[Work instruction]
Copy out precisely the lines from the start of the data through the line with "Cônes résistants en", and keep pictures out of it.

[Stored data]
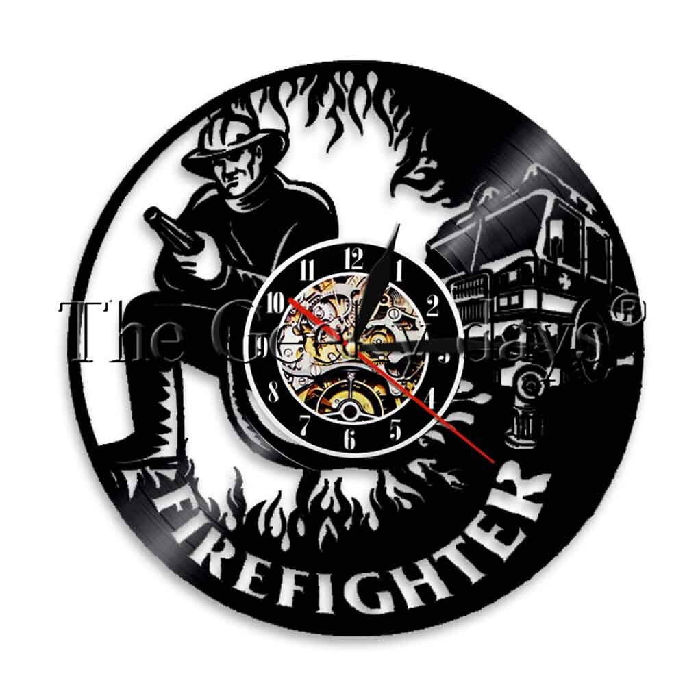 Geef een cadeau dat indruk maakt: de Vinylplaat wandklok met brandweerman thema.
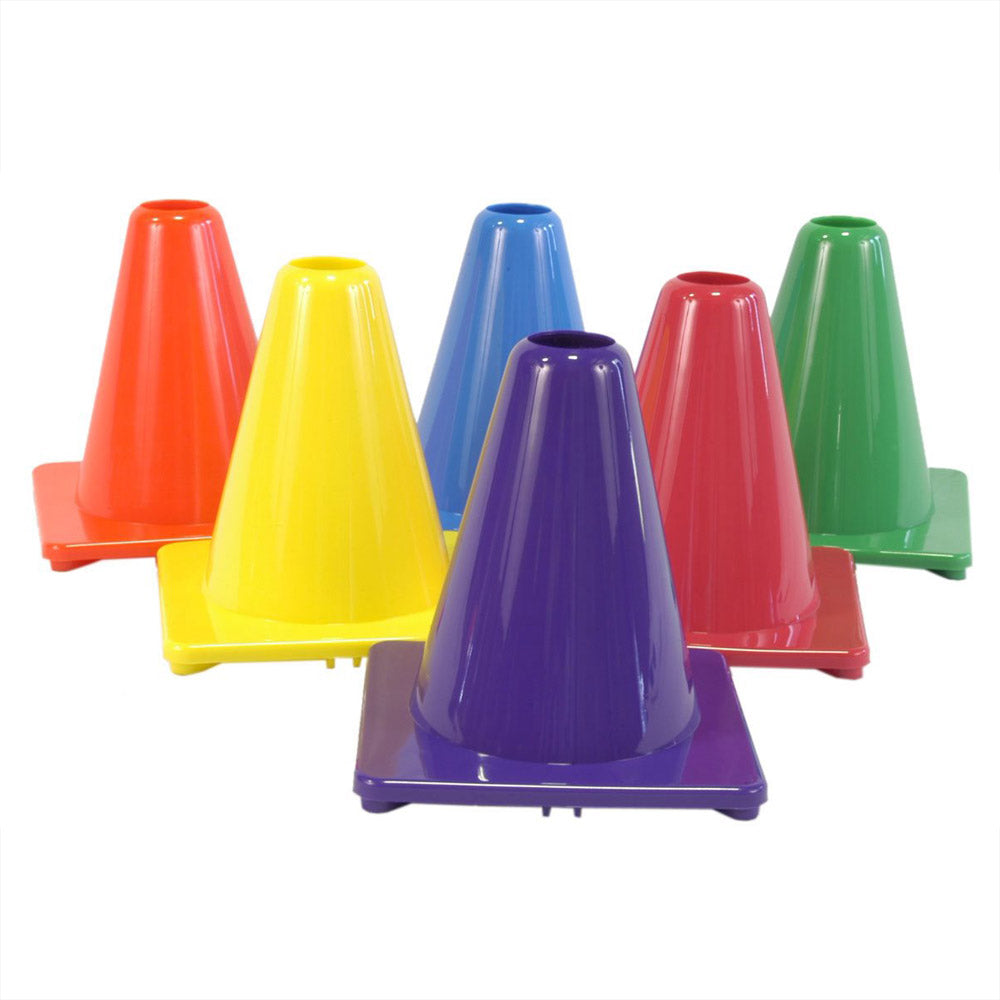 Cônes résistants en plastique pour toutes les activitées d'éducation physique autant à l'intérieur qu'à l'extérieur. Prévient les blessures si jamais il y avait une chute grâce au plastique flexible.
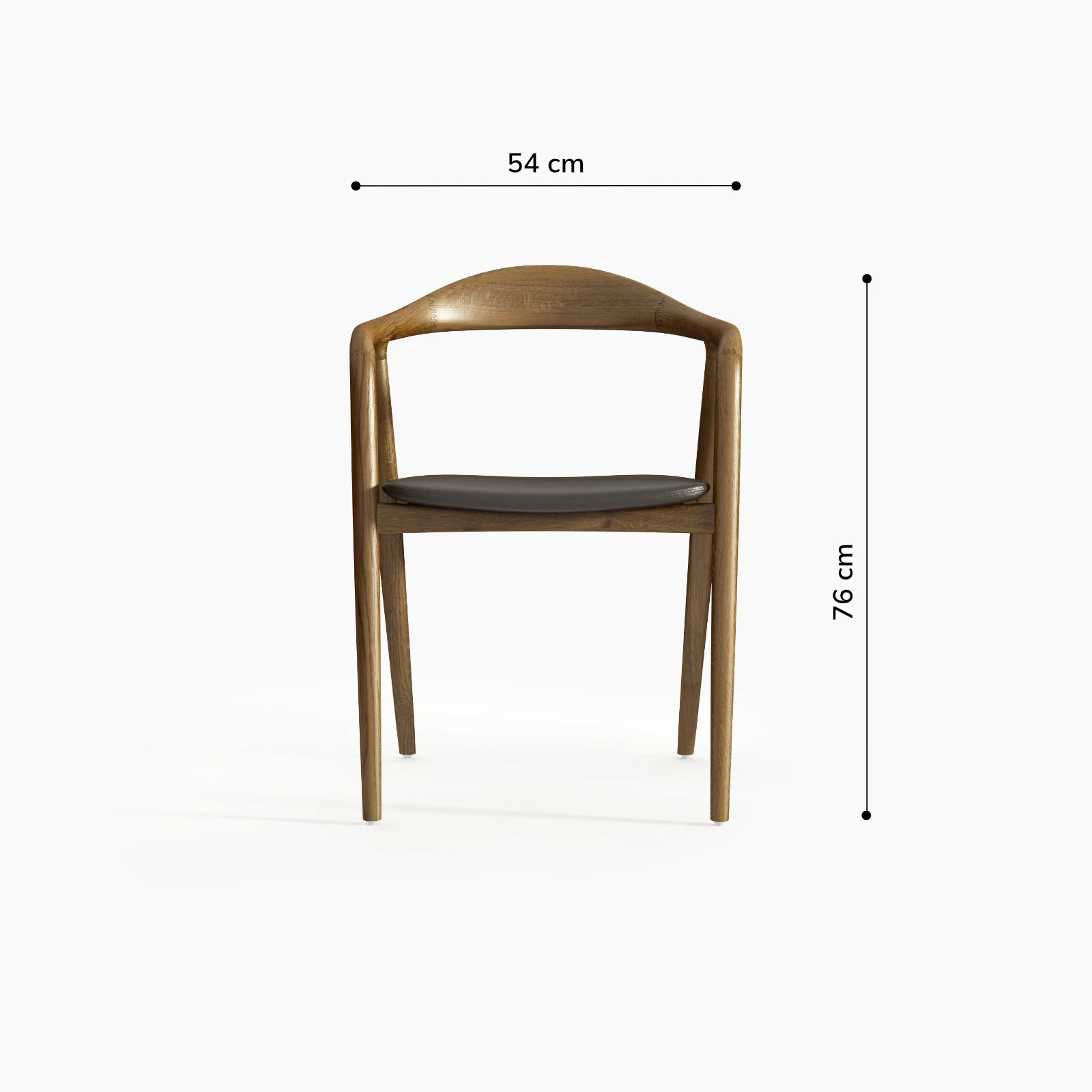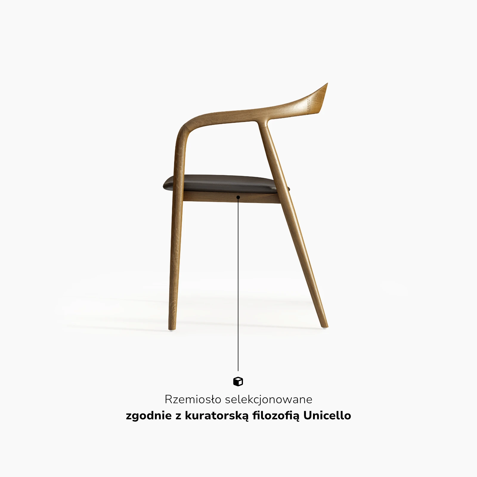 Krzesło wykonane w całości z litego drewna jesionowego, wybranego ze względu na przewidywalność pracy materiału w przekroju oraz stabilność strukturalną przy smukłych proporcjach elementów. Konstrukcja opiera się na czytelnych relacjach pomiędzy siedziskiem, oparciem i układem nóg, bez stosowania zabiegów formalnych wykraczających poza logikę struktury.

[Solution]
 Geef een cadeau dat indruk maakt: de Vinylplaat wandklok met brandweerman thema.
 Cônes résistants en plastique pour toutes les activitées d'éducation physique autant à l'intérieur qu'à l'extérieur. Prévient les blessures si jamais il y avait une chute grâce au plastique flexible.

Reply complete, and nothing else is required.